Dr. Anissa I. Vines, PhD

Dr. Vines’ research centers on understanding the underlying determinants of health disparities with interests in community-based research, chronic disease epidemiology and cancer.

Dr. Julie Daniels, PhD

Dr. Daniels’ research focuses on prenatal environmental and nutritional exposures that may impact children’s growth, neurodevelopment, and overall health. She has created a platform for studying early life exposure to brominated and organophosphate flame retardants, persistent organic pollutants, and long-chain fatty acids as they relate to children’s health in the Pregnancy, Infection & Nutrition Kids Study

Dr.

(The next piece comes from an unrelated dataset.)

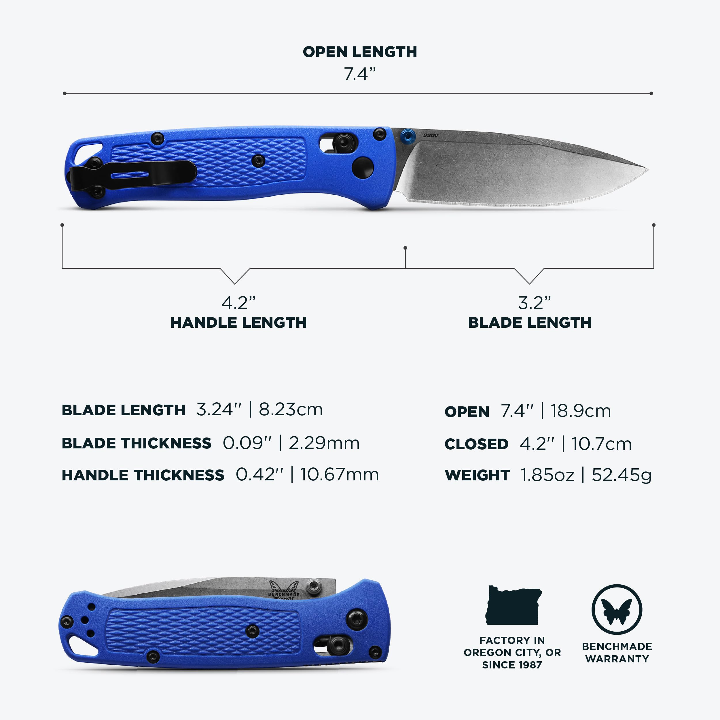 CPM-S30V STEEL: For first-rate edge retention and corrosion resistance; Precision drop-point construction for strength and versatility. Factory in Oregon City, Oregon.

Bharathi Zvara, PhD

Dr. Bharathi Zvara is a research assistant professor whose research interests focus on parenting, parent-child relationships, and early normative and atypical development from a biopsychosocial developmental perspective. Her research seeks to identify psychobiological and environmental mechanisms linking childhood experiences of trauma, violence, and social disadvantage to the development of children’s self-regulation, emotions, and behaviors.

Dr. Jon M. Hussey, PhD

Dr. Jon M. Hussey is sociologist and demographer with a primary interest in the association between social stratification and health. He is particularly concerned with the causes of racial, ethnic, and socioeconomic differentials in morbidity and mortality. Understanding how childhood exposures influence adult health disparities is a specific objective of his work.